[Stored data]
......

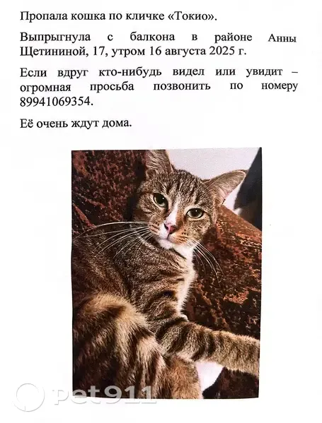 Потерянные животные Владивосток, фото: Пропала кошка, проспект 100-летия Владивостока
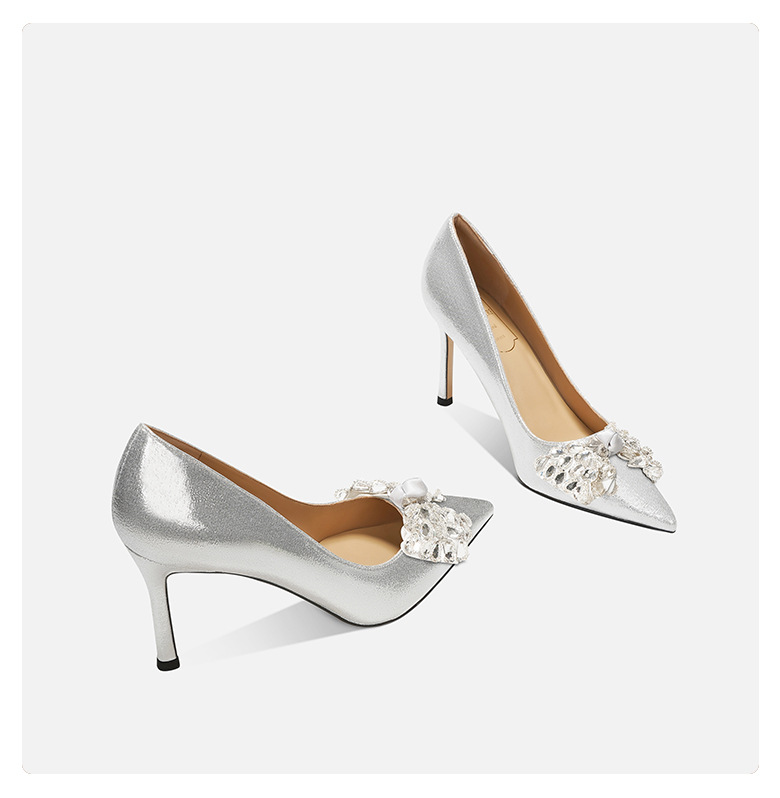 708-B71 웨딩 신발 새로운 프랑스 크리스탈 공주 실버 라인스톤 활 하이힐 메인 웨딩 신부 신발스토어 가기
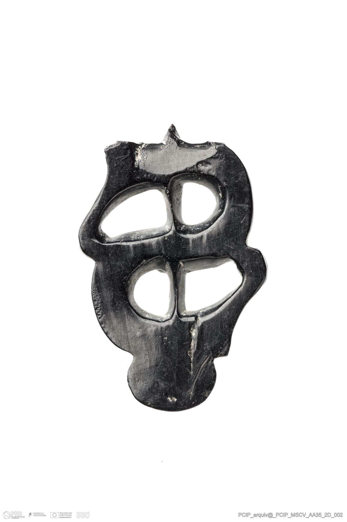 Matéria/Técnica: Azeviche; Cronologia: Século XVI-XVII; Autoria: Desconhecida; Dimensões: Largura: 23mm Altura /Espessura: 6mm Comprimento/ Profundidade: 35mm.
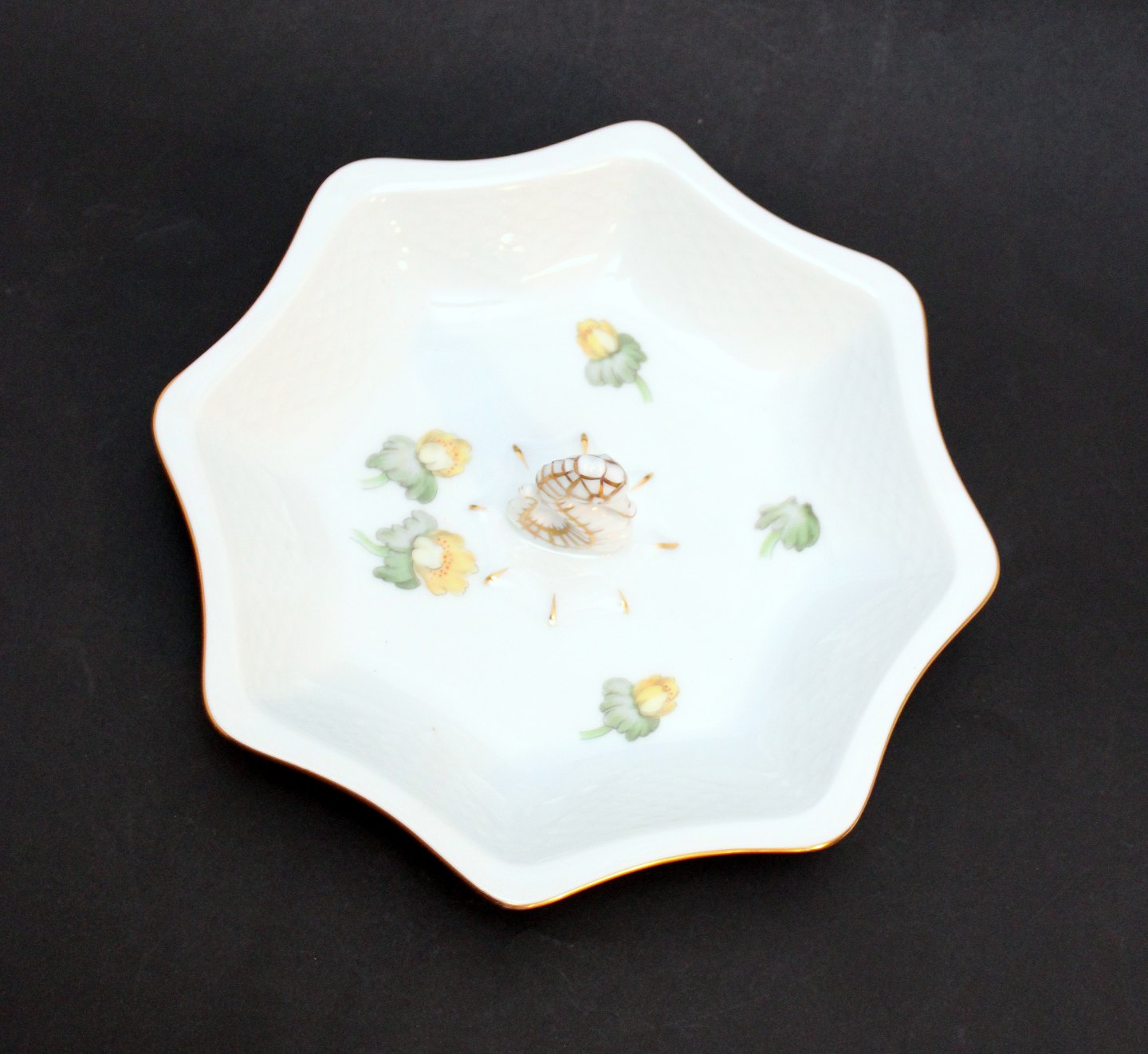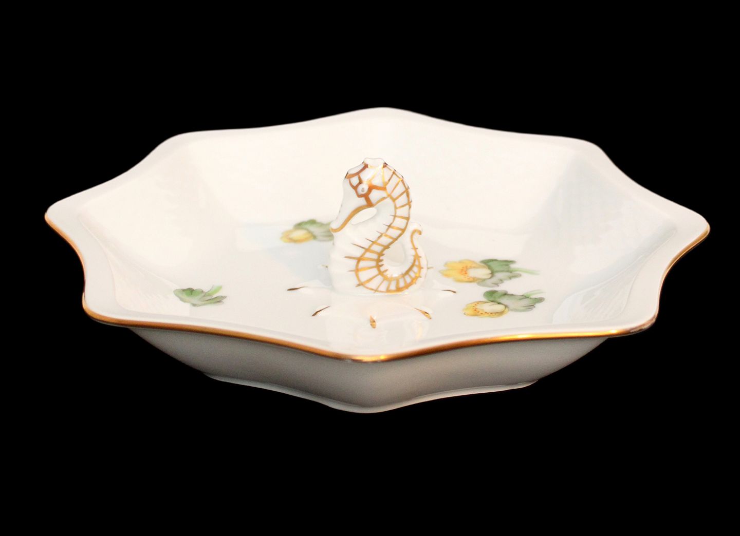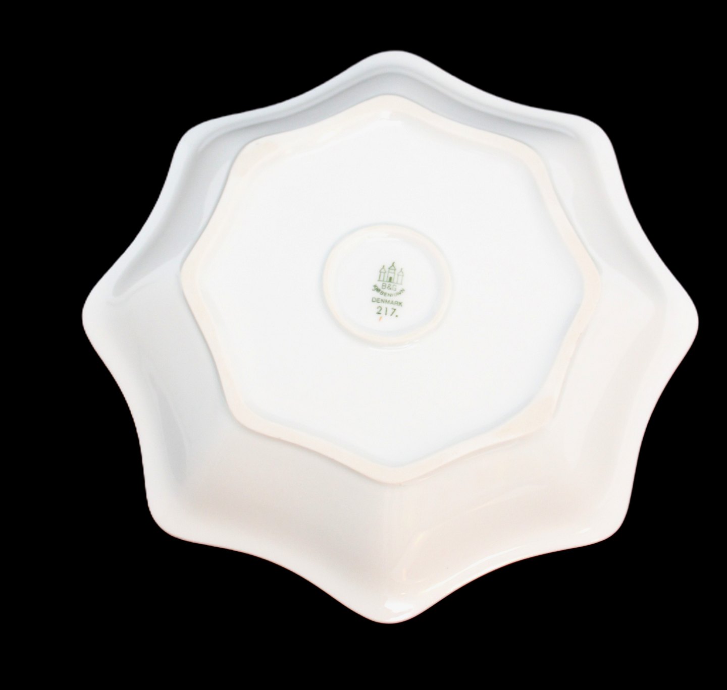 Text zugänglich auf Dänische: Bing & Grøndahl, Erantis, Kantet småkage skål med Søhest i midten. Nr. 217. 20 x 20 cm. Højde 3 cm. I. sortering. Flot stand. Pris: 650 kr. stk. Lager: 1
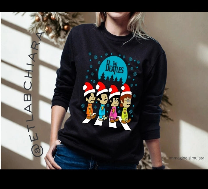 Felpa nera girocollo felpata internamente, grafica ispirata ai Beatles e alla famosa foto scattata in Abbey Road, versione natalizia. Leggere e controllare le misure nella tabella riportata nella seconda foto, questo tipo di felpa non è elastica.
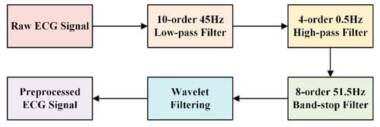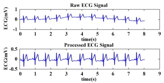 Although the ECG data collected by the WFEES module were passed through the hardware filter, there was still some interference affecting the quality of the signals. Baseline wandering caused by individual movement or breathing may induce a notable drift trend in raw ECG data. Consequently, we used the infinite impulse response (IIR) Butterworth filtering and wavelet filtering method to process the raw ECG data, as shown in Figure 8. After the IIR filtering, an eight-layer “bior3.5” wavelet decomposition was applied on the raw ECG data sets [27]. The baseline wandering and the low-frequency noises were eliminated by setting the level 8 approximation coefficients to zero. Other high-frequency noises were eliminated by thresholding the detail coefficients. Figure 9 presents the performance of ECG preprocessing. The ECG signal became smooth and stable for further feature extraction.

......

*What to produce:* Your task is to reproduce exactly the lines from the start of the data above through the line containing "Text zugänglich auf", leaving every picture out.

*Output:*
 Потерянные животные Владивосток, фото: Пропала кошка, проспект 100-летия Владивостока
 708-B71 웨딩 신발 새로운 프랑스 크리스탈 공주 실버 라인스톤 활 하이힐 메인 웨딩 신부 신발스토어 가기
 Matéria/Técnica: Azeviche; Cronologia: Século XVI-XVII; Autoria: Desconhecida; Dimensões: Largura: 23mm Altura /Espessura: 6mm Comprimento/ Profundidade: 35mm.
 Text zugänglich auf Dänische: Bing & Grøndahl, Erantis, Kantet småkage skål med Søhest i midten. Nr. 217. 20 x 20 cm. Højde 3 cm. I. sortering. Flot stand. Pris: 650 kr. stk. Lager: 1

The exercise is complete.